Le peuple de Ad - L’ATLANTIS DES SABLES
De nombreux monuments et ouvrages d’art témoignant de la présence d’une haute civilisation ont été autrefois érigés à Ubar, en concordance avec les faits évoqués dans le Coran. Ci-dessus, ce qu’il en reste de nos jours. La sourate ash-Shu’ara mentionne également les ‘Ad; certains traits caractéristiques des ‘Ad y sont mis en exergue. Ainsi, il est dit que les ‘Ad étaient un peuple qui bâtissait «par frivolité un monument sur chaque colline», et qu’ils édifiaient de belles demeures comme s’ils devaient y vivre éternellement. Par ailleurs, ils se montraient brutaux envers autrui et commettaient des méfaits. Lorsque Hud avertit ses concitoyens, ceux-ci déclarèrent que ses paroles n’étaient autres que «les légendes des anciens», et ils affirmèrent avec certitude que rien de préjudiciable ne leur arriverait:Les ‘Ad traitèrent de menteurs les envoyés. Quand Hud, leur frère, leur dit: «Ne craindrez-vous pas Allah?
Je suis pour vous un messager digne de confiance. Craignez donc Allah et obéissez-moi. Et je ne vous demande pas de salaire pour cela; mon salaire n’incombe qu’au Seigneur des mondes. Bâtissez-vous par frivolité un monument sur chaque colline? Et édifiez-vous de belles demeures comme si vous deviez y vivre éternellement? Et quand vous sévissez contre quelqu’un, vous le faites impitoyablement. Craignez donc Allah et obéissez-moi. Craignez Celui qui vous a pourvus de toutes les bonnes choses que vous connaissez, qui vous a accordé des bestiaux et des enfants, des jardins et des sources. Je crains pour vous le châtiment d’un jour terrible.» Ils dirent: «Que tu nous exhortes ou pas, cela nous est parfaitement égal! Ce ne sont là que les légendes des anciens. Et nous ne serons nullement châtiés.» Ils le traitèrent donc de menteur.

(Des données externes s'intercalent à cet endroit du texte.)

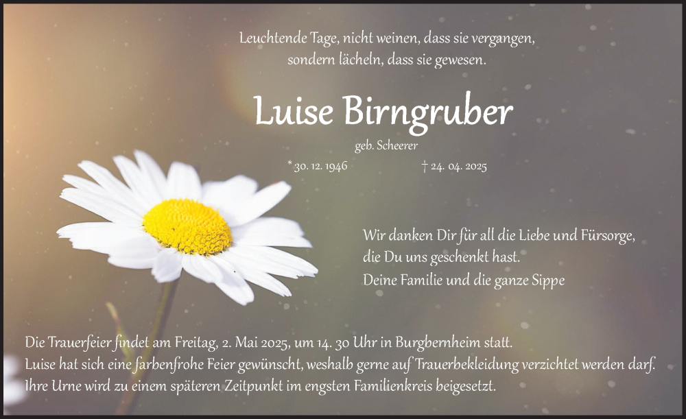 Hier finden Sie alle Traueranzeigen aus der Zeitung, die bisher für Luise Birngruber erschienen sind. Weitere Traueranzeigen, die in der Zeitung erscheinen, werden hier ebenfalls aufgelistet
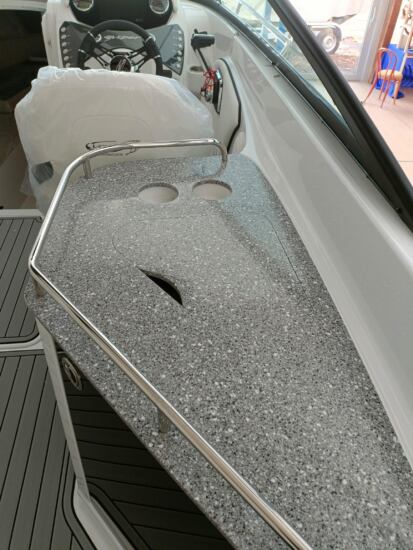 Serienmäßig: Cockpitplane, Corian Wetbar, Porta Potti, Cockpittisch mit Seitenfußmontage, Radio, Klampen mittschiffs

Et Nous les fîmes périr. Voilà bien là un signe! Cependant la plupart d’entre eux ne croient pas. Et ton Seigneur, c’est Lui vraiment le Tout-Puissant, le Très-Miséricordieux. (Surat ash-Shu’ara: 123-140). Ainsi ceux qui s’étaient rebellés contre Allah et avaient rejeté Hud furent effectivement détruits: une terrible tempête de sable anéantit les ‘Ad et ce fut comme s’ils n’avaient jamais existé.
La découverte de la cité d’Iram par les archéologues
Au début de l’année 1990 furent publiés dans plusieurs journaux connus des articles évoquant «la découverte de la cité arabe disparue», «la découverte de la cité arabe légendaire», «l’Atlantis des sables, Ubar». Ce qui rendit cette découverte encore plus stupéfiante est le fait que cette cité est mentionnée également dans le Coran. Nombreux furent ceux, qui auparavant pensaient que le peuple de ‘Ad évoqué dans le Coran était purement mythique et que leur cité était introuvable, qui ne purent dissimuler leur étonnement face à l’événement.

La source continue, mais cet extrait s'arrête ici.